◆ DATA BELOW ◆
————

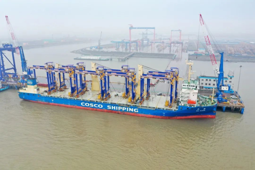 3月25日,中远海运特运“大三”系列重吊船大康轮在江苏太仓港成功将8台橡胶轮胎门式起重机(RTG)顺利装船,这是继2014年该公司大德轮首航满载7台RTG,创造世界同类型船舶一次性装载RTG整机数量最多纪录后,再次刷新世界纪录。
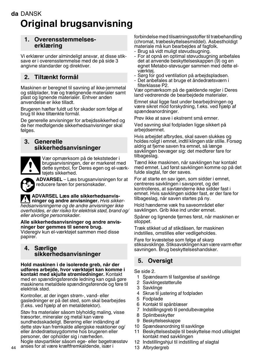 Maskinen er beregnet til savning af ikke-jemmetal og slélplader, æ og tælignende materaler sat plast og lignende materialer. Enhver anden anvendelse er ikke tillaci. Brugeren hæfter fuldt ud for skader som folge af brug til ikke tiltænkte formäl. De generelle anvisninger for arbejdssikkerhed og de her medfalgende sikkerhedsanvisninger skal folges.
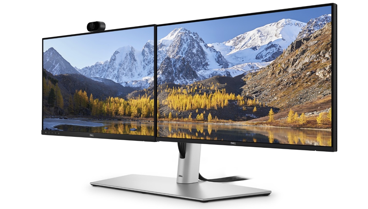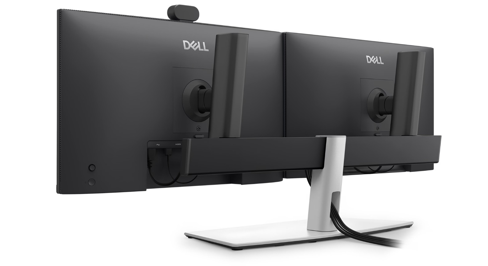Maximalizujte prostor na stole pomocí elegantního stojanu pro dva monitory, který je navržen pro větší pohodlí.
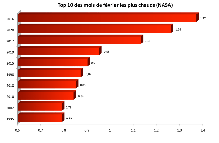 L’anomalie relevée en février 2020 est la 3e plus importante depuis 1880, tous mois confondus, derrière février 2016 (+1,37°C) et mars 2016 (+1,35°C).

————

◆ INSTRUCTIONS TO FOLLOW ◆
Return exactly the lines that begin with the one containing "Maximalizujte prostor na" and end with the final line of the data above; include no pictures.

◆ ANSWER AREA ◆
Maximalizujte prostor na stole pomocí elegantního stojanu pro dva monitory, který je navržen pro větší pohodlí.
 L’anomalie relevée en février 2020 est la 3e plus importante depuis 1880, tous mois confondus, derrière février 2016 (+1,37°C) et mars 2016 (+1,35°C).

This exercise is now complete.